How this skill works

The primary entry is scripts/generate.py, which calls Gemini models with parameters for model selection, temperature, max tokens, and flags for thinking, JSON output, grounding, and image input. The script prints plain text or a validated JSON object and can append grounding sources when Google Search is enabled.
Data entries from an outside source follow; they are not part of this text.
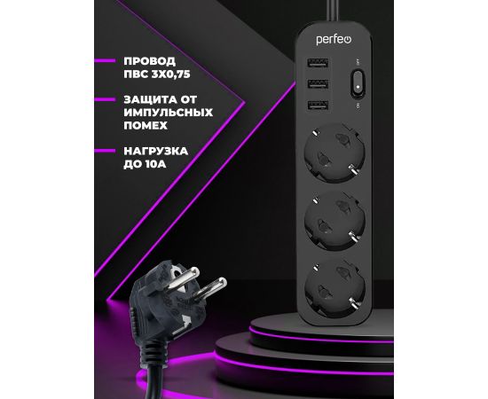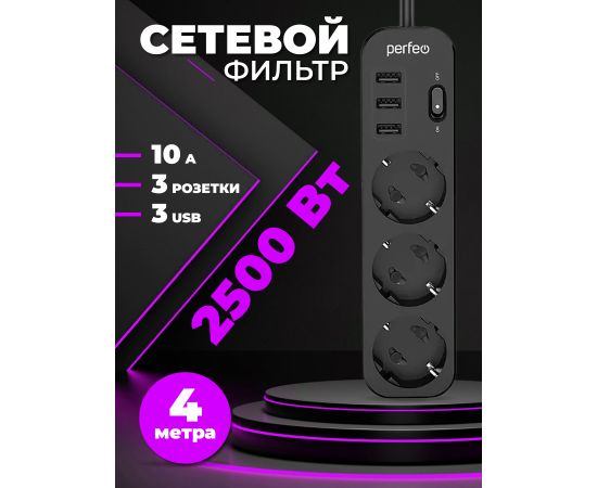 Сетевой фильтр Perfeo "POWER STREAM", 2500W, двойная защита, 4м, 3 розетки, 3 USB, черный.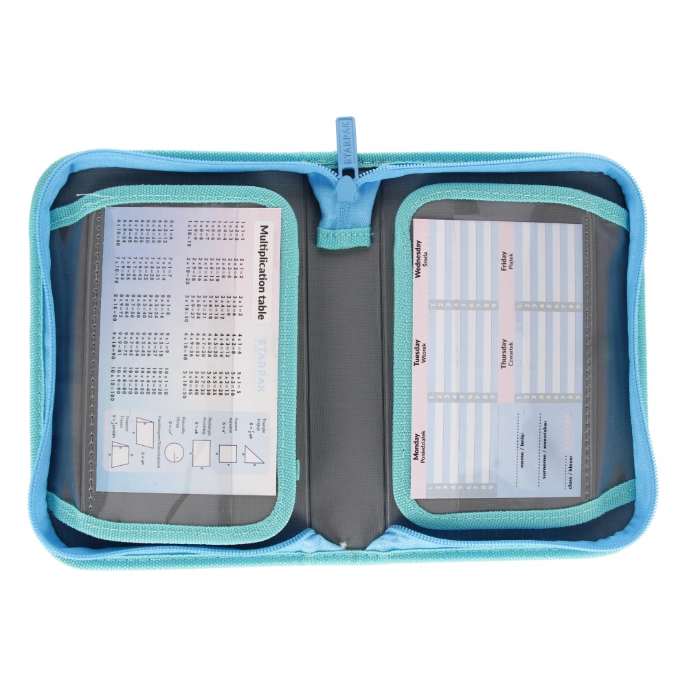 Interiorul cu benzi elastice și compartimente permite depozitarea sistematică a instrumentelor de scris și a accesoriilor, astfel încât totul să fie imediat la îndemână.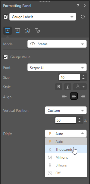 - Mode: Select which gauge value to show in the middle of the gauge - status, target, or value.
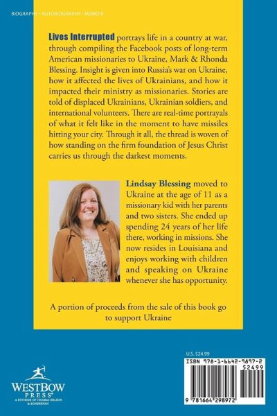 Lives Interrupted portrays life in a country at war, through compiling the Facebook posts of long-term American missionaries to Ukraine, Mark & Rhonda Blessing. Insight is given into Russia's war on Ukraine, how it affected the lives of Ukrainians, and how it impacted their ministry as missionaries. Stories are told of displaced Ukrainians, Ukrainian soldiers, and international volunteers. There are real-time portrayals of what it felt like in the moment to have missiles hitting your city. Through it all, the thread is woven of how standing on the firm foundation of Jesus Christ carries us through the darkest moments.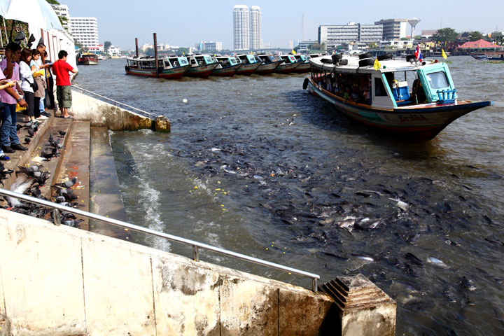 こちらは寺院の前のチャオプラヤー川の様子。徳を積む(タンブン)ための1つとして魚に餌をあげたりするんですが、すごい数の魚が集まってくるんですね。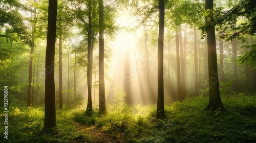 © YanabY, Obraz premium Sunlight beams filtering through tall trees in a serene forest at dawn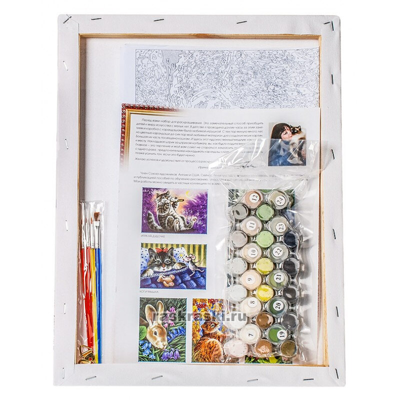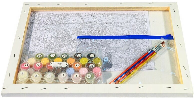 | Комплектация | Холст на подрамнике, Акриловые краски, 4 кисти, Крепеж для подвешивания картины, Контрольный лист, Пакет А-5 с замком-застежкой для хранения красок. |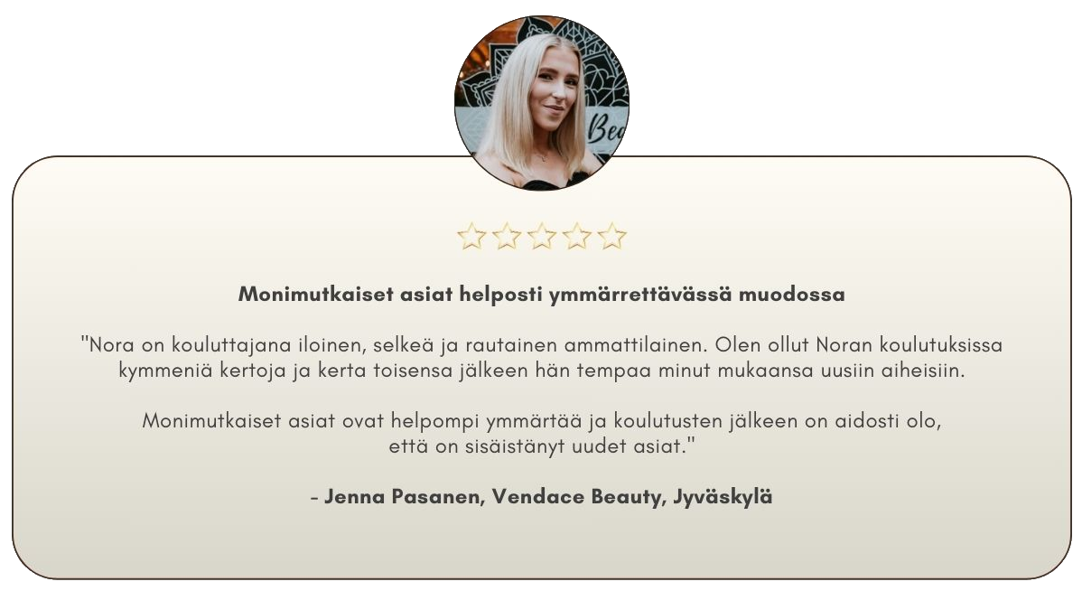 Olen koulutukseltani tradenomi ja SKY-kosmetologi, ja olen viettänyt yli 20 vuotta kauneusalan parissa — hoitolassa, maahantuonnissa, asiakastyössä, kouluttajana ja valmentajana.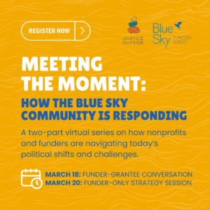 In March, Blue Sky partnered with Justice Outside to co-host Meeting the Moment, a two-part series designed to help the field navigate an antagonistic federal administration rapidly dismantling equity-focused policies and defunding critical work. The goal was urgent, yet simple: create space for nonprofits to speak candidly about what they are experiencing, and for funders to listen, reflect, and strategize on how to respond together.

You run the script with prompt and flags or embed it in batch pipelines for volume processing.

When to use it

  • Create blog posts, emails, documentation, or code snippets from a prompt
  • Analyze images combined with text prompts for captions or QA
  • Solve complex, multi-step problems using thinking mode
  • Produce structured JSON outputs for downstream parsing or APIs
  • Fetch current events and facts with grounding enabled
  • Integrate into batch content pipelines with TTS or embeddings

Best practices

  • Choose flash models for low-latency generation and pro models for deeper reasoning
  • Set temperature low (0.0–0.3) for deterministic results and higher for creative output
  • Use --thinking only for tasks needing stepwise reasoning to save tokens/costs
  • When generating JSON, specify the exact schema in the prompt and use system instructions to enforce structure
  • Enable grounding for time-sensitive queries and verify cited sources before publishing
  • Limit max-tokens and cache repeat results to manage cost

Example use cases

  • Generate a 500-word SEO blog post and convert to audio via TTS in a content pipeline
  • Run step-by-step ethical or technical analyses using thinking mode for research briefs
  • Produce structured user profile objects in JSON for API ingestion
  • Describe and analyze product photos with multimodal prompts for e-commerce listings
  • Answer current-events questions with grounding to include source citations

FAQ

How do I force valid JSON output?

Use the --json flag and include an explicit schema example in the prompt; adding a system instruction like "Always respond with valid JSON only" improves reliability.

What if a model name is not available?

Verify the model string, check API access rights, and fall back to gemini-3-flash-preview which is broadly available; update your API quota or request access for pro models if needed.